## Task requirements
Every line below from the one with "26 октября, в" through the one with "1、 在已知商品单价和数量的" should be retyped exactly, both ends included; no other lines and no pictures.

## Entries shown
★ ★ ★ ★ ★ ★ ★

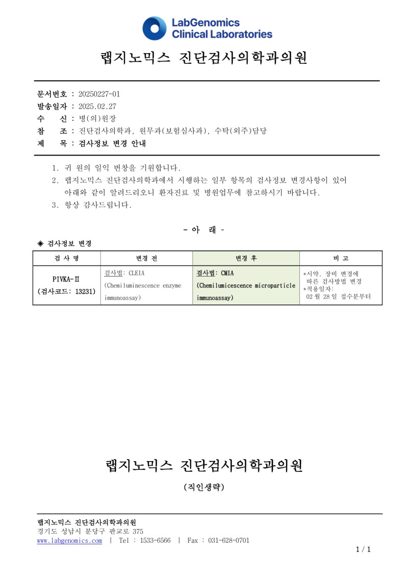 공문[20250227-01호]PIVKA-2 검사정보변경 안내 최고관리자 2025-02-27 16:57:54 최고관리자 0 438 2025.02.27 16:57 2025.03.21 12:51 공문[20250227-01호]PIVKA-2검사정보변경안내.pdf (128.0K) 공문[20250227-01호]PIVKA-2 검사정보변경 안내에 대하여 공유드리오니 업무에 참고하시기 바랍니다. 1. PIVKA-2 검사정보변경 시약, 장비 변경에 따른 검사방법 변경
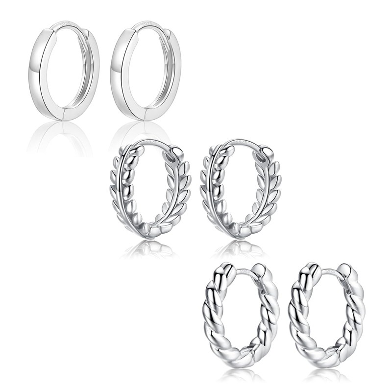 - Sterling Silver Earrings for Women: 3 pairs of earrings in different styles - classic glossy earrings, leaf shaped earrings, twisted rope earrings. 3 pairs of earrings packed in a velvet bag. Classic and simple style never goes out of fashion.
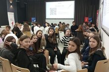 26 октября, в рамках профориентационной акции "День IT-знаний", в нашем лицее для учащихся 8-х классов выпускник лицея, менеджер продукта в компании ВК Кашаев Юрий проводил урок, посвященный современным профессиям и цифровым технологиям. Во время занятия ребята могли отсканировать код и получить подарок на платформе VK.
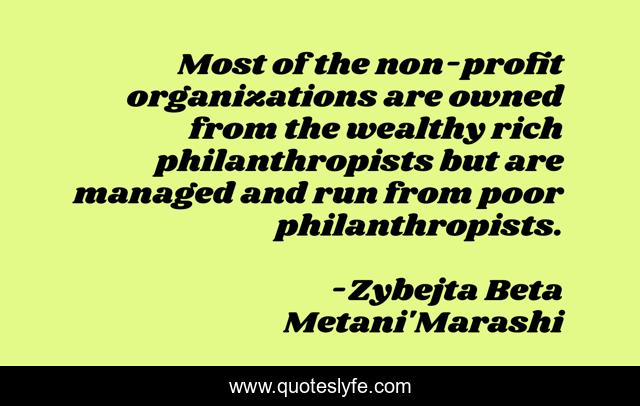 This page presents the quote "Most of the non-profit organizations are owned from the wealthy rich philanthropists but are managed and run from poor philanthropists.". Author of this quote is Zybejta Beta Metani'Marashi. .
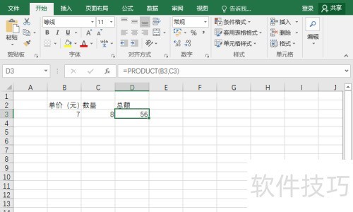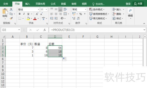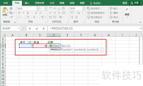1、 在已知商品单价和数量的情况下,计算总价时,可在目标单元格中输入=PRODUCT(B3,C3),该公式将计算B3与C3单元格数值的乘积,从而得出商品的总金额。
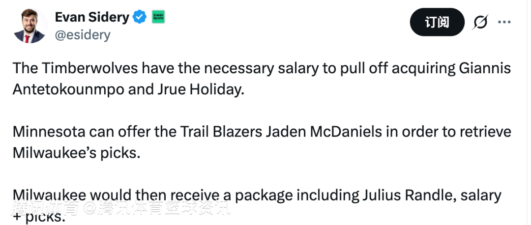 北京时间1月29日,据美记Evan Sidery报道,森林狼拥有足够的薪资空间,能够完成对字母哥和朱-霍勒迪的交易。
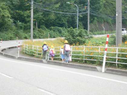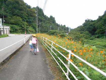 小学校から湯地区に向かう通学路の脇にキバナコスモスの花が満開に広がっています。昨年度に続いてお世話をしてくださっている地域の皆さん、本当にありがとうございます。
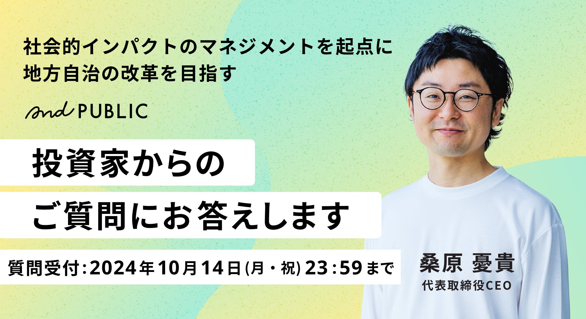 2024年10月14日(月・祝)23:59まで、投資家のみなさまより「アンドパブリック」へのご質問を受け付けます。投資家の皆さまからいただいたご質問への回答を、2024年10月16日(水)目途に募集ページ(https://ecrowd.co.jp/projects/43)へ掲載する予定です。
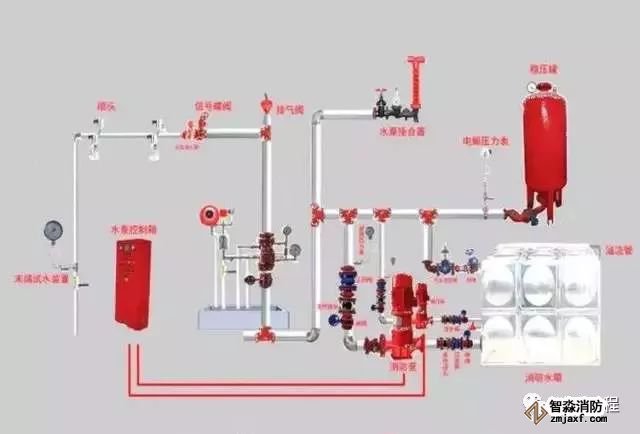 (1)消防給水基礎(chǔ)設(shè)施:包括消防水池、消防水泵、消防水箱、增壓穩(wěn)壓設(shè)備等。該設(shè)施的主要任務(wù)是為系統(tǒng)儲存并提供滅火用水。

★ ★ ★ ★ ★ ★ ★

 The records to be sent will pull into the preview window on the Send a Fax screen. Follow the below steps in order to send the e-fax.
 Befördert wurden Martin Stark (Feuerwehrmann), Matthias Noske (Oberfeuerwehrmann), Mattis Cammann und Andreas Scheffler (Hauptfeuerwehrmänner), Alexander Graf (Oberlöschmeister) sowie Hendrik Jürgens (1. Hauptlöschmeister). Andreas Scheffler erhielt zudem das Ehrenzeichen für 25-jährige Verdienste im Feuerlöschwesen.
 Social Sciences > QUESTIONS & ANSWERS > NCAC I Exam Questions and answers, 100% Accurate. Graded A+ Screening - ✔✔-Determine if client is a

★ ★ ★ ★ ★ ★ ★

## Finished task
 26 октября, в рамках профориентационной акции "День IT-знаний", в нашем лицее для учащихся 8-х классов выпускник лицея, менеджер продукта в компании ВК Кашаев Юрий проводил урок, посвященный современным профессиям и цифровым технологиям. Во время занятия ребята могли отсканировать код и получить подарок на платформе VK.
 This page presents the quote "Most of the non-profit organizations are owned from the wealthy rich philanthropists but are managed and run from poor philanthropists.". Author of this quote is Zybejta Beta Metani'Marashi. .
1、 在已知商品单价和数量的情况下,计算总价时,可在目标单元格中输入=PRODUCT(B3,C3),该公式将计算B3与C3单元格数值的乘积,从而得出商品的总金额。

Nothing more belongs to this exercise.